Indiana University scientist Armin Moczek will use dung beetles to contrast two ways that new traits emerge in species.
The theory of evolution explains how animals change gradually over time. But where do completely new traits come from? How did the first eye, the first wing, the first firefly's light organ develop?
A new grant from the National Science Foundation to Indiana University biologist Armin Moczek will help answer this question. An expert on evolutionary development, Moczek recently received over $860,000 to use a tiny insect -- beetles -- to explore a big mystery.
"The big picture is that how novel complex traits originate is still poorly understood, but two routes have been proposed," said Moczek, a professor in the IU Bloomington College of Arts and Sciences' Department of Biology. "A new trait may evolve by repurposing an already existing part of the body -- drawing upon existing gene networks and tissues like combining Legos to build something new -- or by building it 'piecemeal,' one gene and pathway and cell at a time."
Under the grant, Moczek's lab will examine the differences between two types of horns in beetles in the genus Onthophagus: prothoracic horns, which grow from the beetles' mid-portion, or thorax; and head horns, which grow from their heads. The two horn types are useful for this work since evidence suggests each represents one of the two evolutionary pathways.

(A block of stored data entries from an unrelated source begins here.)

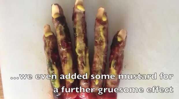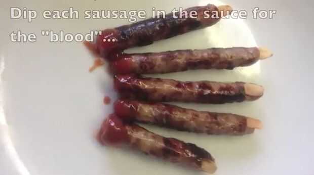 Cubrir el fondo de las salchichas en salsa roja para efecto de la sangre.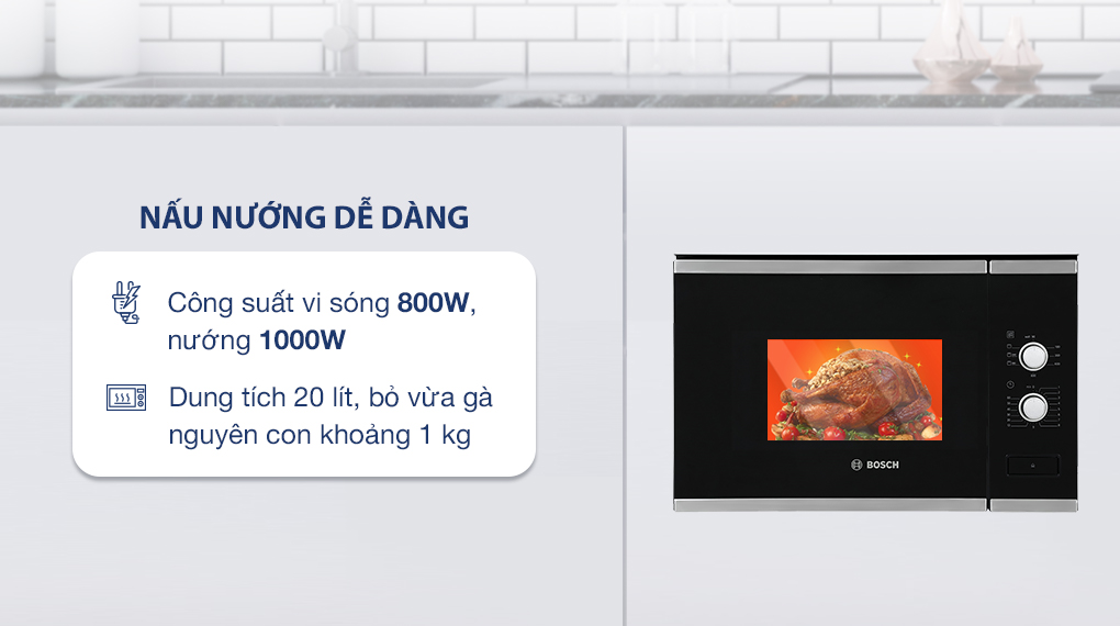 - Dung tích 20 lít, lò vi sóng có thể bỏ vừa gà nguyên con khoảng 1 kg.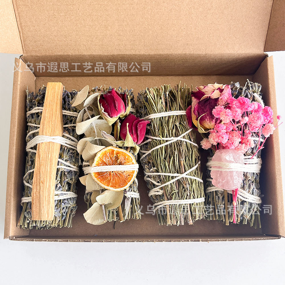 Lavender Rose Bouquet Bundle Natural Crystal White Sage Sacred Wood Purifying Space Meditation Creative Set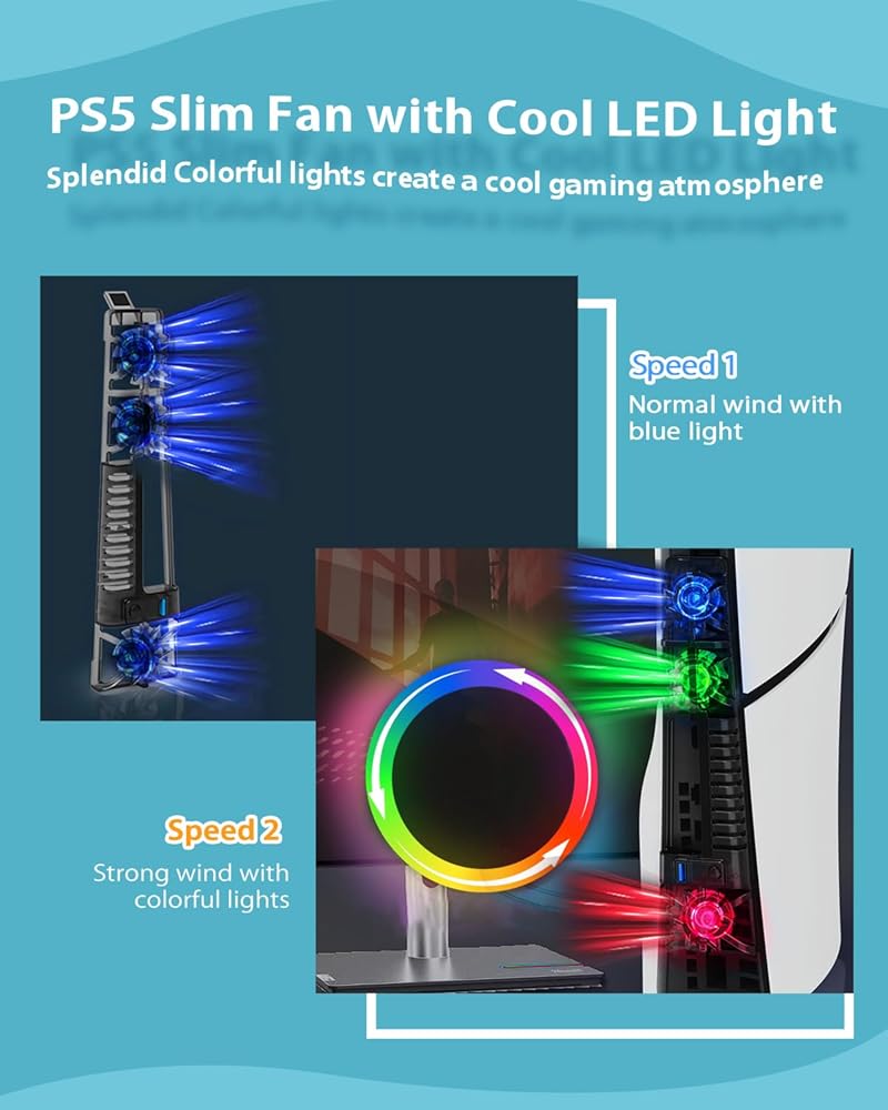 【Low Noise】The PS5 slim cooler is designed with 3 silent fan, which is low noise and high wind power. Effectively reduce noise to ensure your immersive gaming experience. Combined with Cooling fan, USB hub and Led Lights, this PS5 slim fan is a perfect accessory for your new PS5 console

Specifically, Moczek said that prothoracic horns seem to fall into the "repurposing" category -- most likely emerging from the same gene networks responsible for the growth of wings, among other structures. Head horns, by contrast, most likely evolved "from scratch."

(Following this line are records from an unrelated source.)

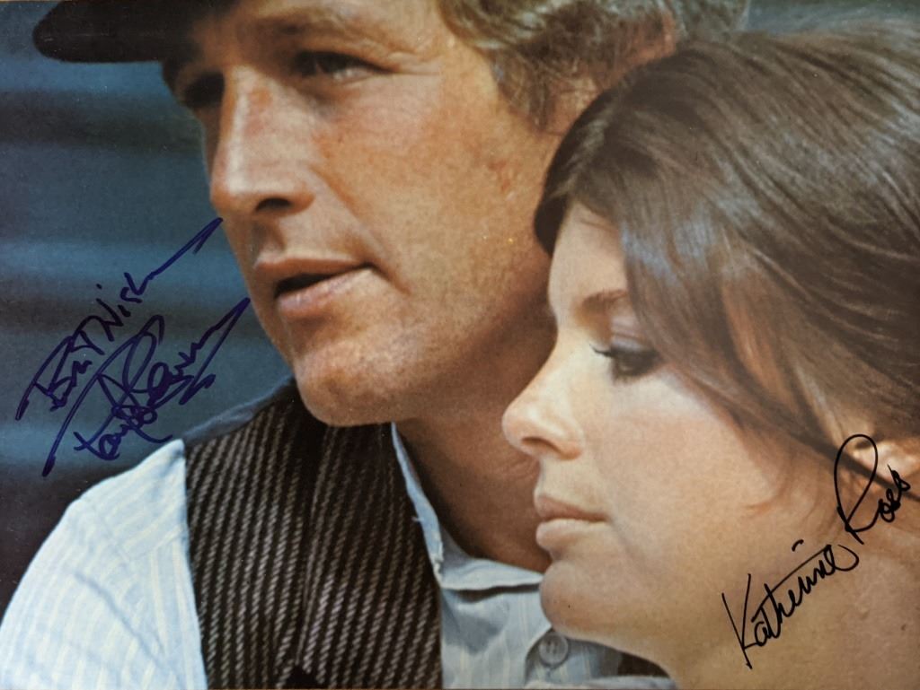 Butch Cassidy and the Sundance Kid signed movie photo autographed by Paul Newman and Katherine Ross, measures 10 x14 inches. Butch Cassidy and the Sundance Kid is a 1969 American Western film directed by George Roy Hill and written by William Goldman. Based loosely on fact, the film tells the story of Wild West outlaws Robert LeRoy Parker, known as Butch Cassidy (Paul Newman), and his partner Harry Longabaugh, the Sundance Kid (Robert Redford), who are on the run from a crack US posse after a string of train robberies. The pair and Sundance's lover, Etta Place (Katharine Ross), flee to Bolivia in search of a more successful criminal career.
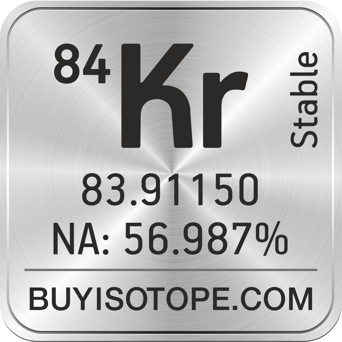 84Kr isotope is available to order from BuyIsotope.com in 84Kr gas (Kr) chemical form. Please contact us via request a 84Kr quote BuyIsotope.com to order 84Kr isotope, to get 84Kr price and to buy 84Kr isotope.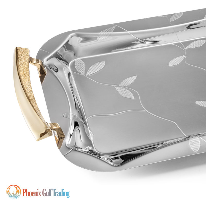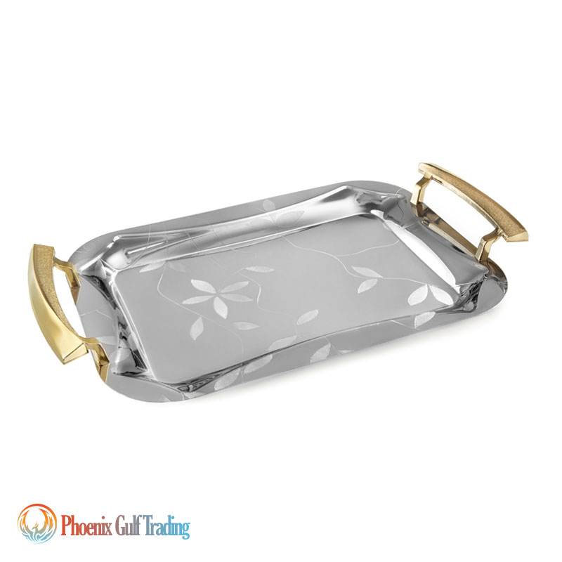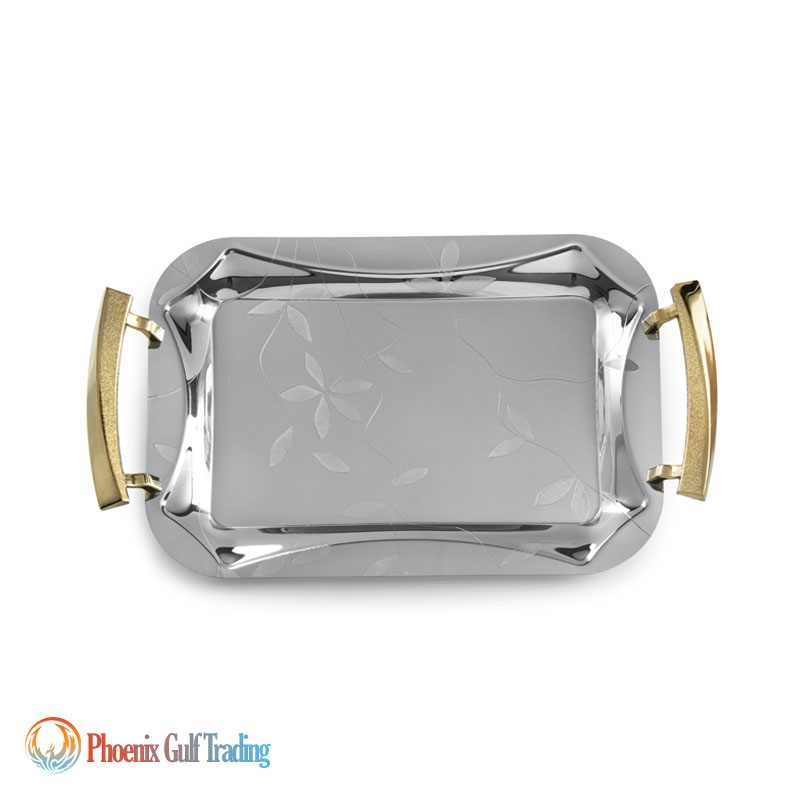 Product Description: Stainless steel tray set (pair) in two sizes: large & medium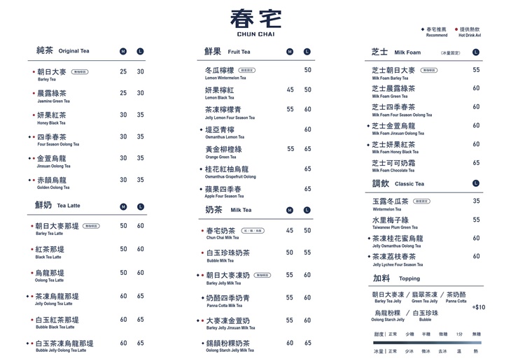 店家揀選品質上等的茶葉,沖泡回甘不澀的清香茶水,原茶品味,便很享受~搭配鮮奶,以及新鮮水果…等食材,用心特調一杯又一杯風味講究、獨具用心的茶飲,為您點綴繽紛豐富、好幸福的飲茶時光!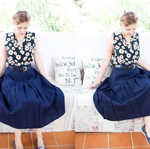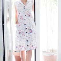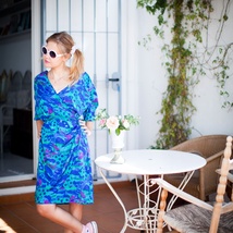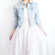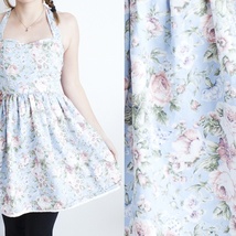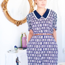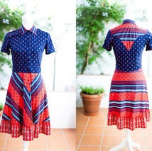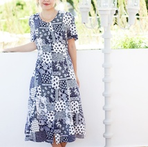 Vintage blå hvit kjole med nydelig miks av blomster, prikker, abstrakt mønster. Minner meg om en porselenstalerken!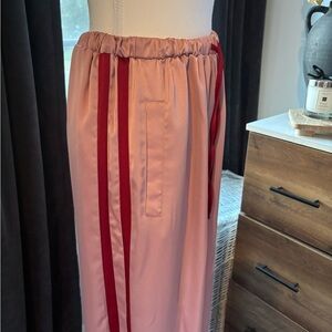 Stylish wide leg pants. Pink with bold red stripe. Comfortable fit. Perfect for casual wear.

In fact, Moczek and his colleagues' own work on horned beetles -- supported by other NSF grants in 2012 and 2007 -- is responsible for the most compelling evidence on this subject. In a particularly notable experiment, IU researchers were able to create a third functional eye in the center of a beetle's head by switching off a single gene involved in the growth of head horns. Their work has also helped explore the link between nutrition and environment-sensitive development in the same beetle species, and to unravel the role of specific genes in the growth of diverse horn types.